Внезапно став серьезной, девушка протянула руку, погладив его по щеке:
– Ох, ну почему ж вы, мужики, такие глупые-то? Или ждете до последнего, или спешите.
– Это значит да? – напряженным голосом осведомился майор, хмурясь.
– Конечно, да, товарищ академический слушатель, – рассмеялась Маша, притянув его к себе. Почти минуту обоим было не до кольца и только что произнесенных слов.
– Тогда давай палец, – чуть запыхавшись, сообщил Сергей, быстро облизнув искусанные губы и нащупывая на смятой простыне коробочку, которую ухитрился выпустить из руки.
– Какое красивое… И размер, кстати, мой, так что угадал.
– Твой, – согласился Кобрин. – Хоть я, в отличие от некоторых, по чужим медкартам не лазал.
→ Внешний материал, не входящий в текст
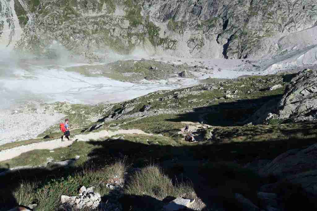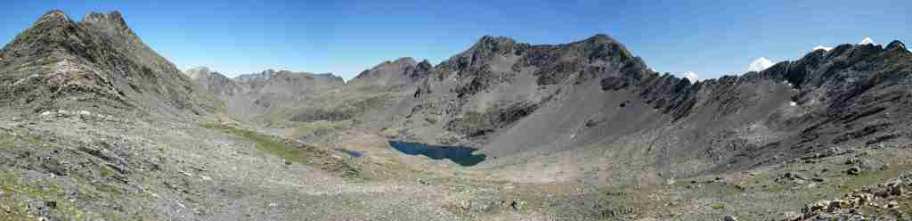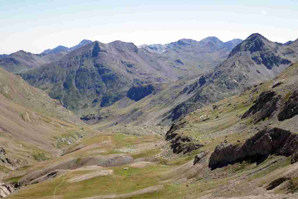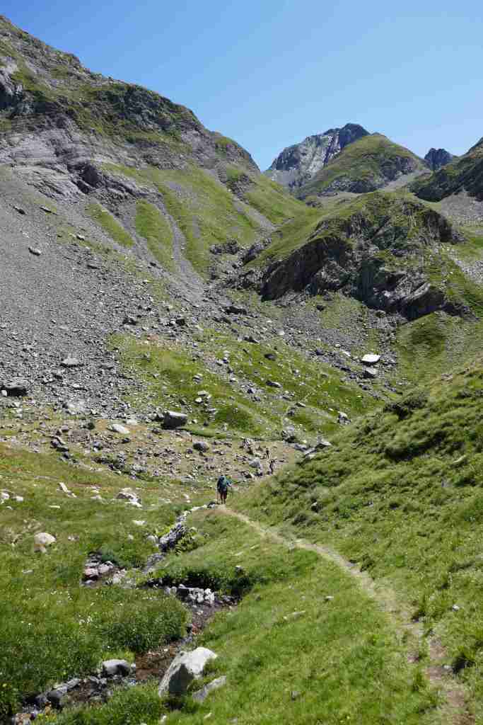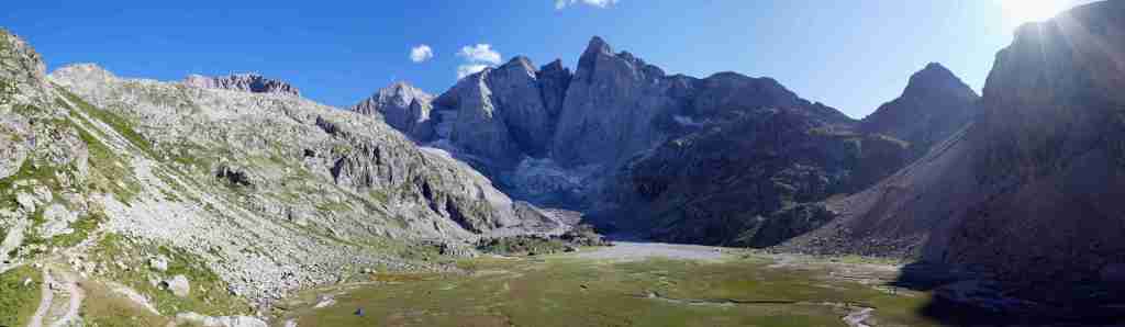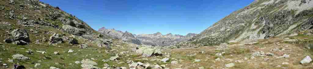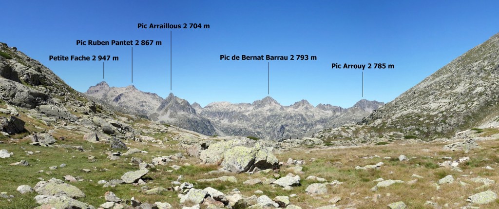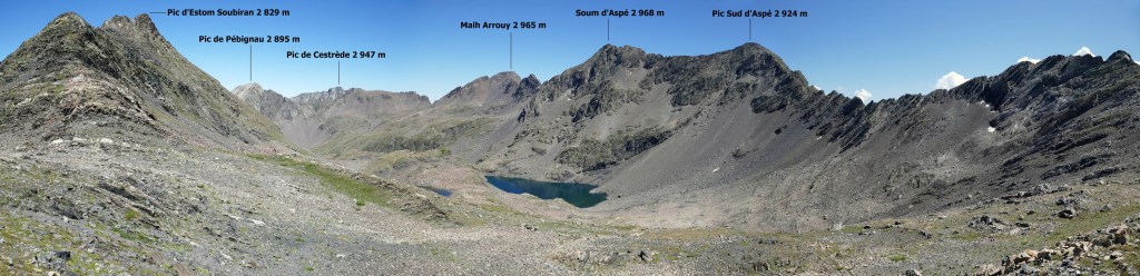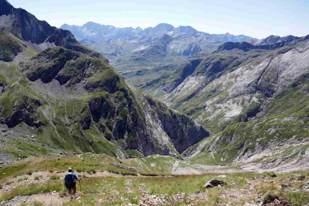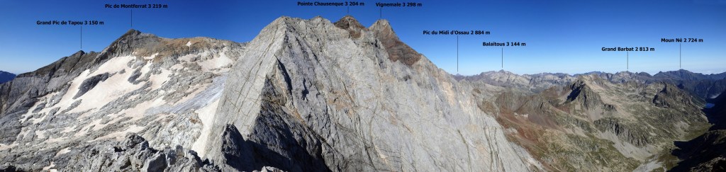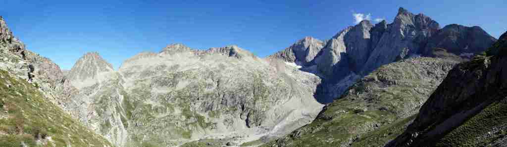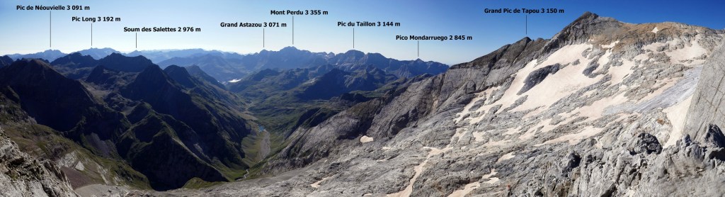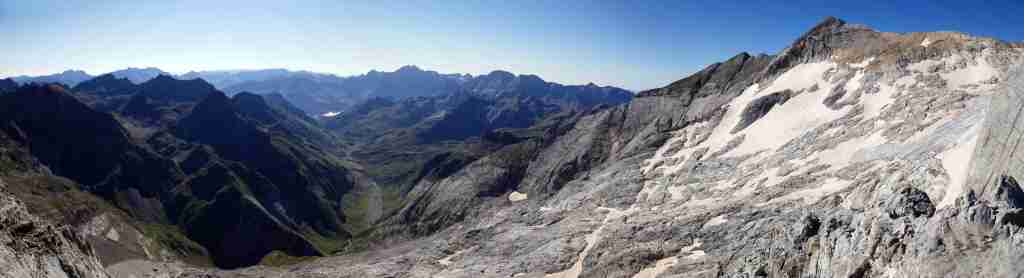 Au sud, se découvre le plus grand glacier des Pyrénées après celui de l’Aneto, le glacier d’Ossoue. La vue embrasse une belle partie des Pyrénées : du Pic du Midi d’Ossau à l’ouest (à 25 km à vol d’oiseau) au secteur de Gavarnie à l’est (brèche de Roland, Marboré, Taillon…). Ensuite, l’itinéraire passe devant le refuge de Bayssellance et les grottes de Bellevue, avant de se diriger plein est, dans un long raidillon, vers le lac des Gentianes et le col éponyme. Reste une très longue descente qui démarre par le lac Glacé puis qui emprunte le sentier d’Estom Soubiran. Le passage entre les lacs de Labas et des Oulettes d’Estom Soubiran est mémorable. Attention, le sentier qui suit le Gave d’Estom Soubiran jusqu’au bout est délicat sur ses derniers hectomètres, il est préférable de suivre la trace qui mène au sentier d’Arraillé.

Просто глазомер у меня профессионально поставлен. И линейкой пользоваться умею. А где ты свои украшения хранишь, я уже давно срисовал.
– Можно подумать… – Еще пару секунд девушка полюбовалась на обручалку, затем обвила шею любимого руками, прижавшись к нему изо всех сил. – Я тоже тебя очень-очень люблю, милый! Знаешь, Сереж, раз уж такое дело, то и я тоже должна тебе кое-что сказать. Тоже хотела после твоего возвращения, чтобы не волновался зря, но так, наверное, будет правильнее. Ты должен знать.